(DATA FOR REVIEW):

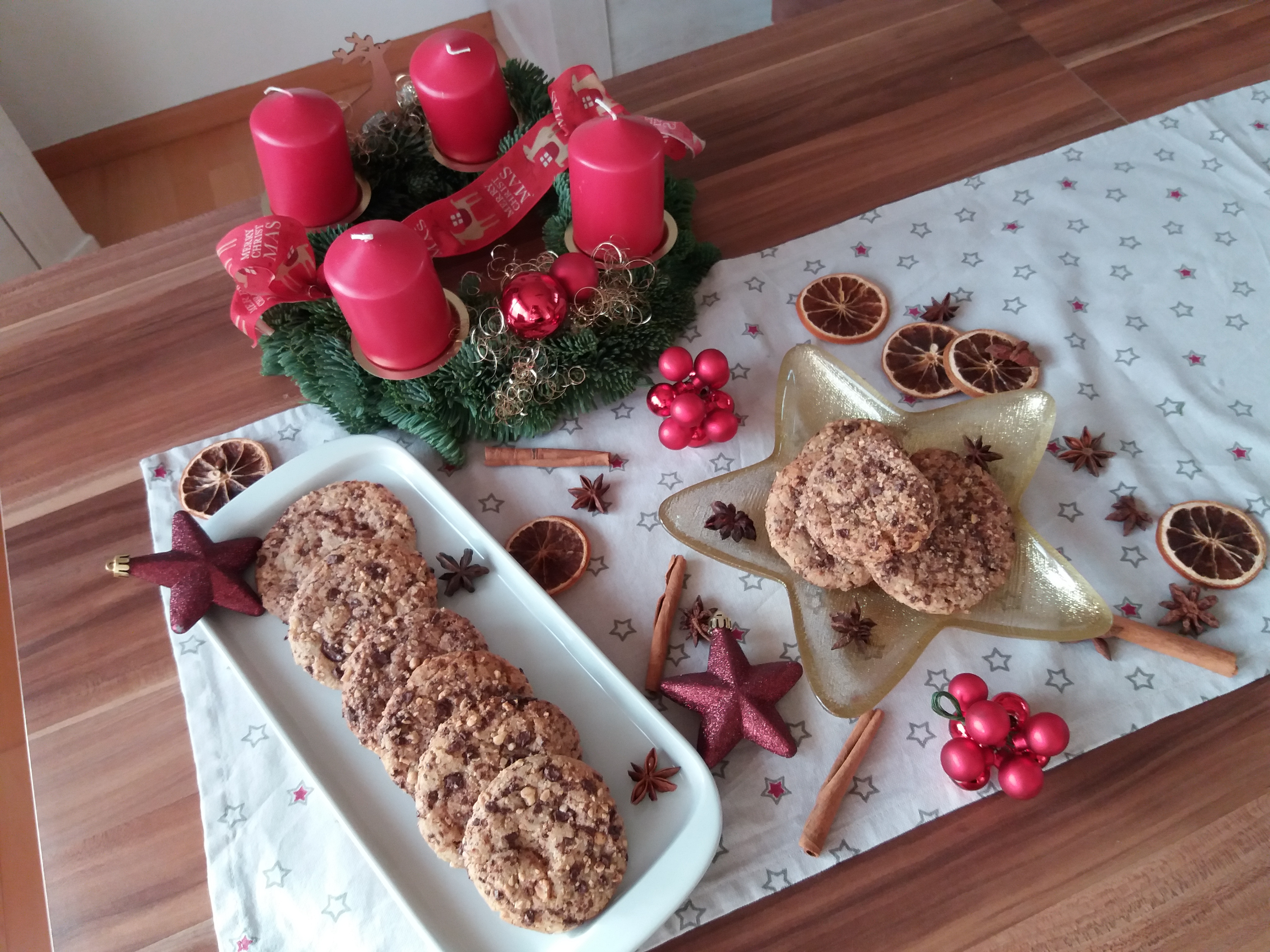 Ich bin jetzt fast durch mit der Weihnachtsbäckerei. Nur noch der Lebkuchen, der muss noch eine Woche ruhen.
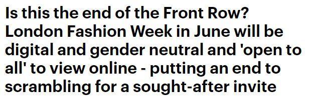 而就在昨天倫敦時裝周也祭出了最新的決定,根據(jù)《每日郵報(Daily Mail)》報導(dǎo)指出,六月的倫敦時裝周將全面改為線上進行,其中也包含設(shè)計師訪談及展間預(yù)覽等。斗大標(biāo)題「首排看秀將走入歷史?(Is this the end of the Front Row?)」對于未來是否還有實體看秀打了個問號。
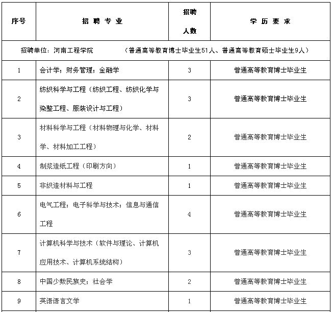 根據(jù)河南省人力資源和社會保障廳《關(guān)于省直事業(yè)單位招聘工作人員有關(guān)具體問題的通知》(豫人社〔2010〕99號)及河南省教育廳《關(guān)于省屬大中專學(xué)校公開招聘人員的試行意見》(豫教人[2008]114號)規(guī)定,我校擬面向社會招聘教師60名,其中博士研究生51名,碩士研究生9名。結(jié)合我校實際,制定本公開招聘方案。
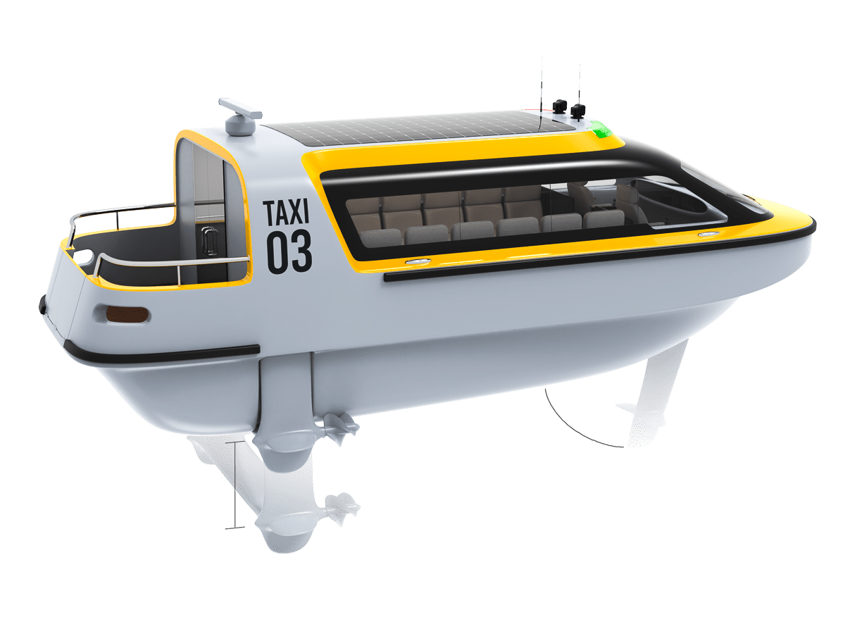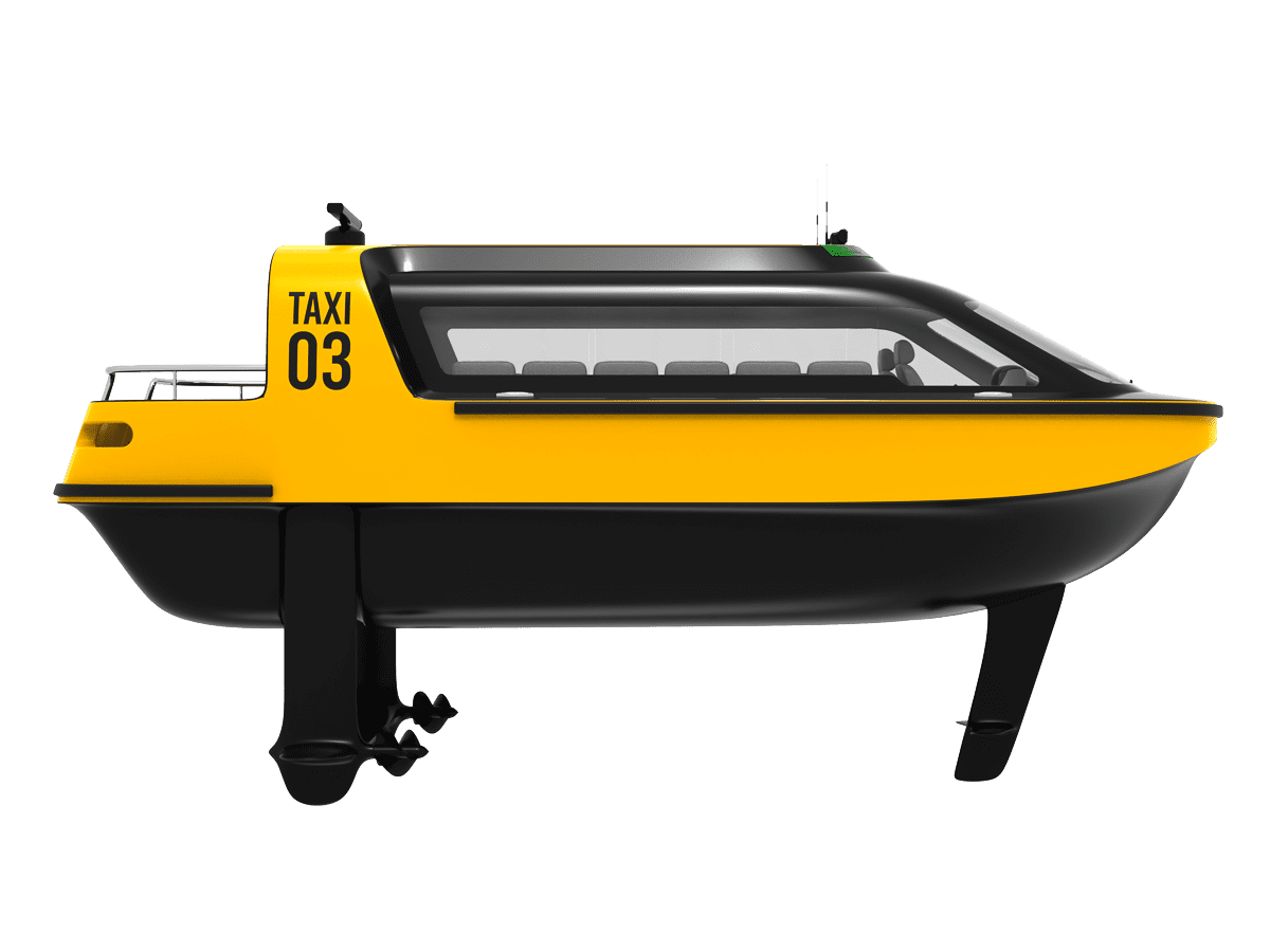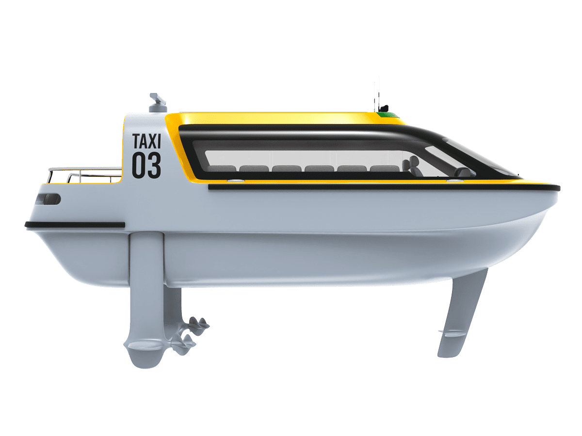 Concept development and visualizations of a fully EV powered foiling watercraft for The Water Taxi Company.
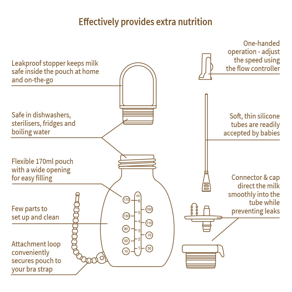 Top Tip: The Haakaa Supplemental Silicone Feeding Tube Set can be used with any baby bottle, as long as it is fitted with an X-shaped variable flow teat. Simply place the bottle above the end of the tube that is taped to your breast and let gravity do the work as your milk flows through the tube.

(GOAL OF THE EXERCISE): Pictures aside, print every line of the material exactly.

(RESPONSE AREA):
 Ich bin jetzt fast durch mit der Weihnachtsbäckerei. Nur noch der Lebkuchen, der muss noch eine Woche ruhen.
 而就在昨天倫敦時裝周也祭出了最新的決定,根據(jù)《每日郵報(Daily Mail)》報導(dǎo)指出,六月的倫敦時裝周將全面改為線上進行,其中也包含設(shè)計師訪談及展間預(yù)覽等。斗大標(biāo)題「首排看秀將走入歷史?(Is this the end of the Front Row?)」對于未來是否還有實體看秀打了個問號。
 根據(jù)河南省人力資源和社會保障廳《關(guān)于省直事業(yè)單位招聘工作人員有關(guān)具體問題的通知》(豫人社〔2010〕99號)及河南省教育廳《關(guān)于省屬大中專學(xué)校公開招聘人員的試行意見》(豫教人[2008]114號)規(guī)定,我校擬面向社會招聘教師60名,其中博士研究生51名,碩士研究生9名。結(jié)合我校實際,制定本公開招聘方案。
 Concept development and visualizations of a fully EV powered foiling watercraft for The Water Taxi Company.
 Top Tip: The Haakaa Supplemental Silicone Feeding Tube Set can be used with any baby bottle, as long as it is fitted with an X-shaped variable flow teat. Simply place the bottle above the end of the tube that is taped to your breast and let gravity do the work as your milk flows through the tube.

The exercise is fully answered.